Аббат попытался закрыться от этих мыслей. Существо представляло собой чистую злобу! Все, что оно делало, оно делало для собственной выгоды.
Мы служим господу. То, что мы делаем, хорошо и правильно. Мы честны, пока не сдаемся нашептываниям тьмы.
— Честные убийцы? — насмешливо произнес голос.
Мы служим Тьюреду, это священный долг.
— А я служу своему голоду. Это не менее священно, ибо пища укрепляет наше тело, а ведь вы превращаете это тело в орудие господа!
Не слушайте его, братья и сестры! Он — суть искушение. Он хочет разбудить в нас злое начало, хочет, чтобы мы поддались погибели. Хоть и сладки его речи, пусть слова его не трогают нас, ему ведома лишь одна цель — погубить нас!

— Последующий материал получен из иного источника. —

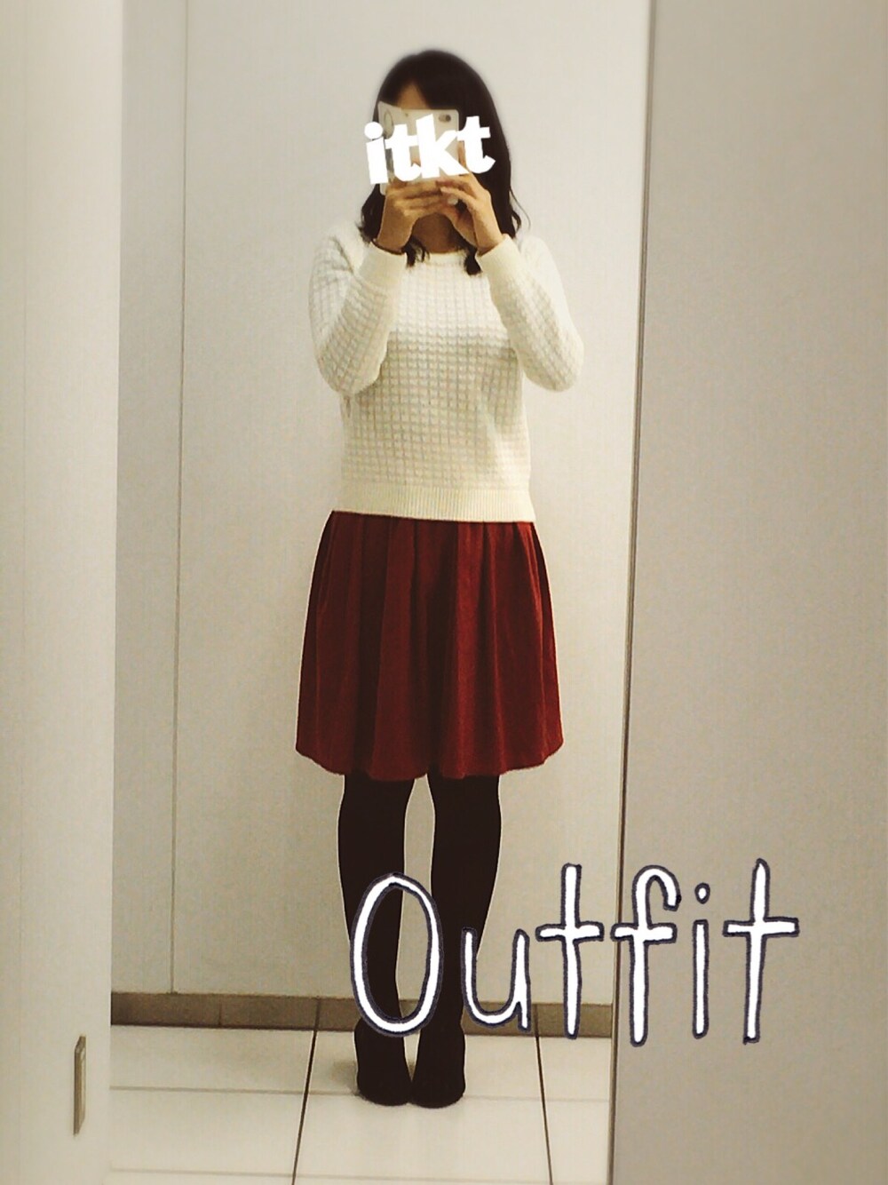 昨日のコーデ。 久しぶりに赤スカート履きました。

— Ты слишком узколоб. Меня очень радуете вы и ваши душевные муки. Я не хочу лишиться вас. Какие бы путы вы на себя ни накладывали, каждый из вас знает о тьме, таящейся глубоко в его душе. Каждое мыслящее существо рождается с этим недостатком. Разве вы не испытываете глубокого душевного удовлетворения, убивая детей альвов? Разве это справедливо? Вы не только убиваете, вы гасите бессмертные души, поглощая жизненный свет своих жертв. Вы осознаете, какое это преступление? Создания, которых мы убили, могут рождаться снова, пока жива их душа, пока не выполнила свое предназначение. А мы гасим их. Разве такова воля Тьюреда?
Живой святой создал это существо из нас, напомнил Себастиен своим братьям и сестрам. Она — воплощение воли Тьюреда.
— А если он обманщик, использующий вашу наивную веру?
Господь не допустил бы такого! Как один из его слуг может быть чем-то иным, чем его инструментом? Заткните этого шептуна!
Братья и сестры затянули в мыслях хорал. Все они были мысленно едины. Брат Жюль правильно поступил, когда столь долго готовил их для великого деяния. Несмотря на то что они не слились в одну мысль, всем им были ведомы дисциплина и самоотверженность. Только это и уберегало от безумия! Все они могли читать в душе друг у друга. Если бы все их мысли размножились, они давно сошли бы с ума. Стали бы рабами той тени, с которой делили свое новое тело.